Um monstro entre nós - O fundamentalismo cristão no filme O Nevoeiro


A premissa do filme O Nevoeiro (The Mist, 2007), é que o verdadeiro monstro somos nós mesmos quando o medo nos domina. De uma maneira diferente de um animal — que quando acuado por este sentimento tão básico se defende com sua voracidade — o ser humano tenta justificar sua violência da pior maneira, até mesmo usando suas crenças mais arcaicas. É dessa forma que entra o fundamentalismo cristão numa situação absurdamente desesperadora. Chegando ao ponto do assassinato ser “justificado” pela fé em Deus (atitude usada exaustivamente pela Igreja nos tempos da Inquisição), enquanto o mesmo ato, cometido em outras circunstancias (neste caso para proteger mais vidas) é condenado pelos cristãos do filme.

Baseado num conto de Stephen King e Adaptado por Frank Darabont (igualmente diretor e roteirista de Um Sonho de Liberdade e À Espera de um Milagre, ambos também adaptações de obras de King para o cinema), O Nevoeiro é um desnudamento do caráter de cada um, mostrando sua verdadeira face, que muitas vezes, durante a projeção, é monstruosa. Exatamente por isto, e pelo surrealismo da situação, talvez não seja exagero comparar esta moderna obra do cinema de ficção/terror com O Anjo Exterminador do mestre Luis Buñuel. Ambas têm um grupo de pessoas enclausuradas tentando lidar com uma situação absurda enquanto suas personalidades se desmantelam. E, na medida em que o filme segue, sentimos muito mais medo dos personagens humanos do que dos monstros que os atacam por puro instinto carnívoro e irracional. E é exatamente a razão, substituída pelo fundamentalismo cristão, que falta na maioria das personagens enclausuradas dentro de um supermercado estadunidense. Acredito que até mesmo a escolha da locação não foi um mero acaso cinematograficamente estético e literário. A maior parte da projeção é dentro de um típico supermercado lotado. Talvez seja possível vermos aí certa crítica à sociedade de consumo. Sociedade esta que se desfaz de sua civilidade quando o medo se instala dando lugar ao caos.

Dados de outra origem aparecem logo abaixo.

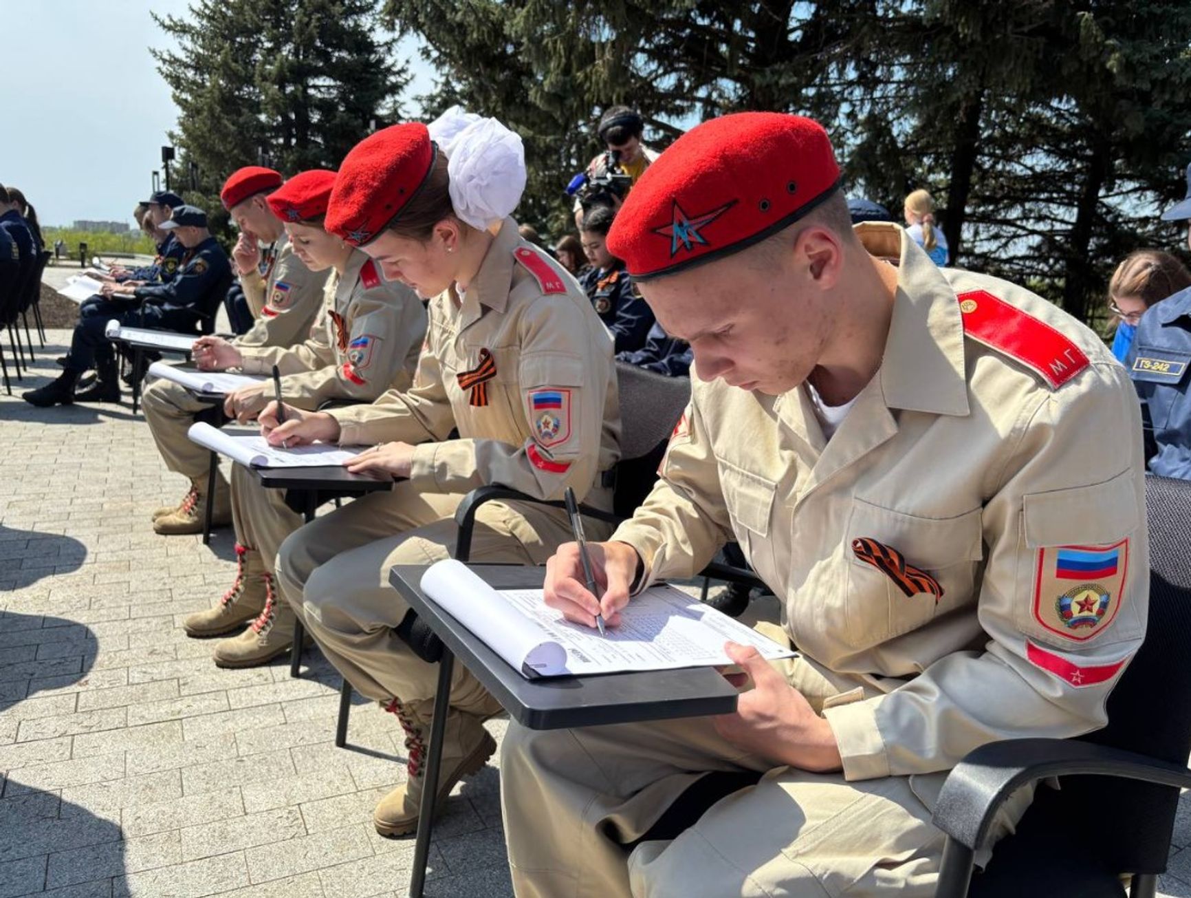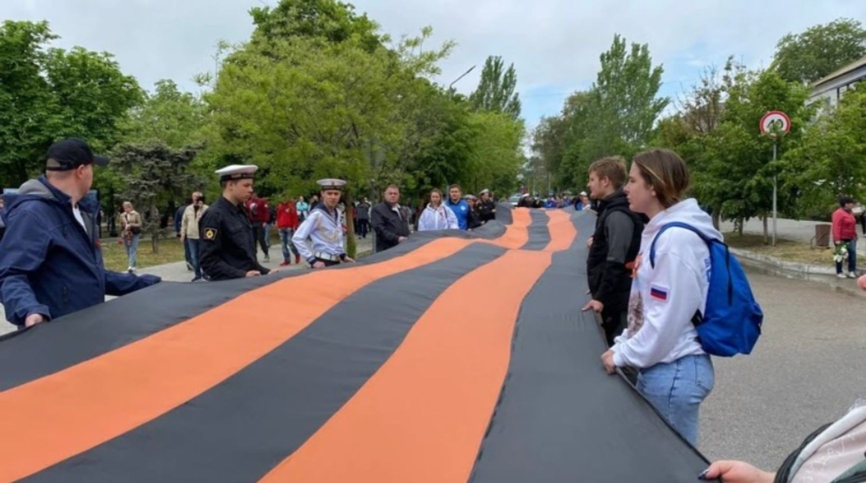 В рамках акции «Непокоренные» молодые дончане помогли российским военным и главе «ДНР» Денису Пушилину растянуть «самую большую в мире копию Знамени Победы». Ради безопасности «главы» в тот день военные перекрыли доступ к монументу другим детям и родителям, заставив их стоять в километровой очереди много часов и требуя пропуска.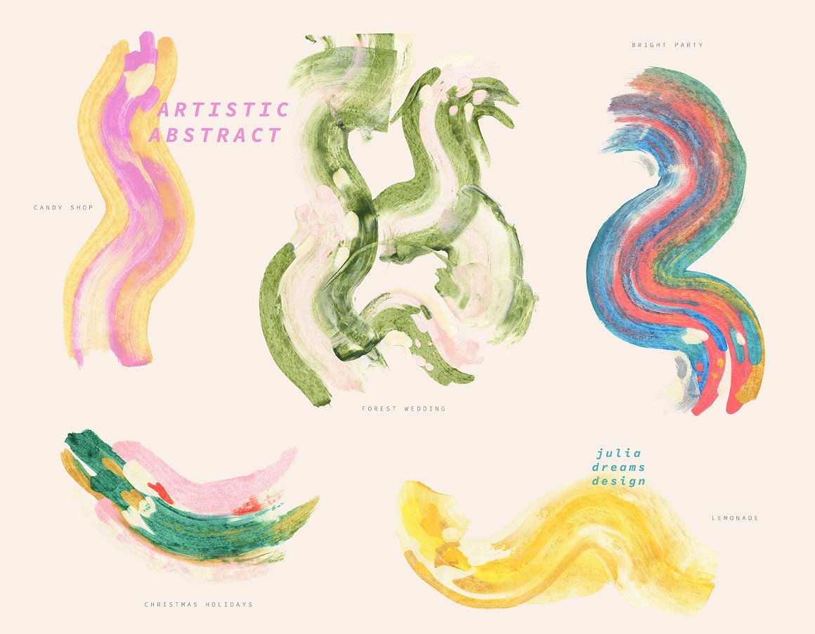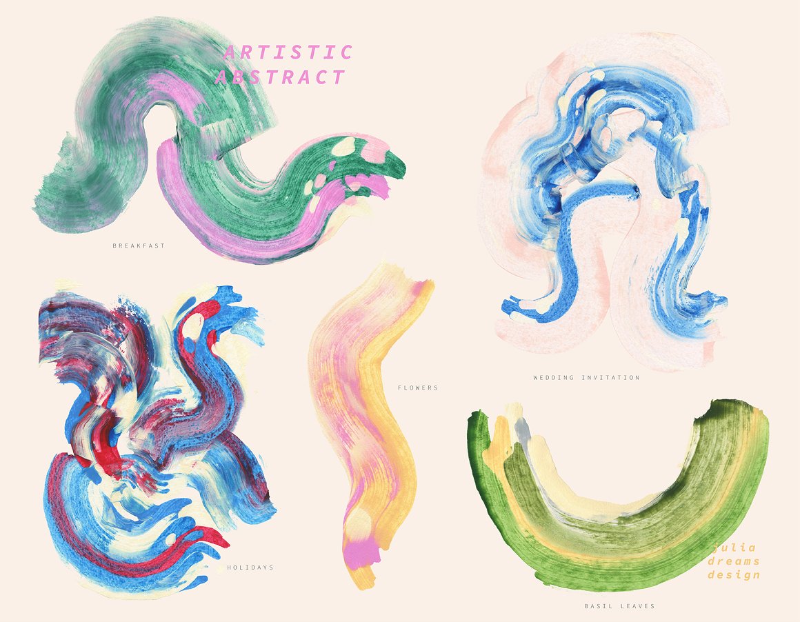 Artistic Abstract! Handcrafted with love, vibrant and colorful textures. This is a great addition to create wedding branding, stationery, greeting card, photo frames and other beautiful things. Just add ready-made graphics: patterns and shapes. Huge selection of color palettes and shapes. These graphics are ideal for the creation of the corporate identity of your shop or your small store. Or if you suddenly need to decorate your room or create a wedding invitation.

E o medo é a forma mais eficaz de converter “infiéis” para qualquer religião, principalmente a cristã que, na sua história, tem longa experiência neste tipo de estratégia. O que me faz repensar sobre a locação escolhida, ao notar que, na medida em que determinada personagem evangélica converte um número cada vez maior de desesperados com sua pregação interminável e condenatória, é possível perceber, numa irônica inversão, o comércio (neste caso, o supermercado) se tornar templo num mundo em que o templo cristão há muito se tornou comércio.

Além de uma direção bastante sensível e uma roteirização cuidadosa, o filme ainda surpreende com a coragem do seu final nada convencional (contrariando qualquer produtor caça-níqueis de Hollywood). E mesmo apreciando o final por causa desse motivo, ainda assim fica um gosto amargo de um sentimento de perda ao qual somos levados a sentir pelo desfecho inesperado.

Para concluir, não indico esse filme àqueles que esperam um mero filme de terror, cheio de clichês característicos do cinema atual norte-americano. Este é um filme denso e claustrofóbico. Contudo, surpreendentemente humano.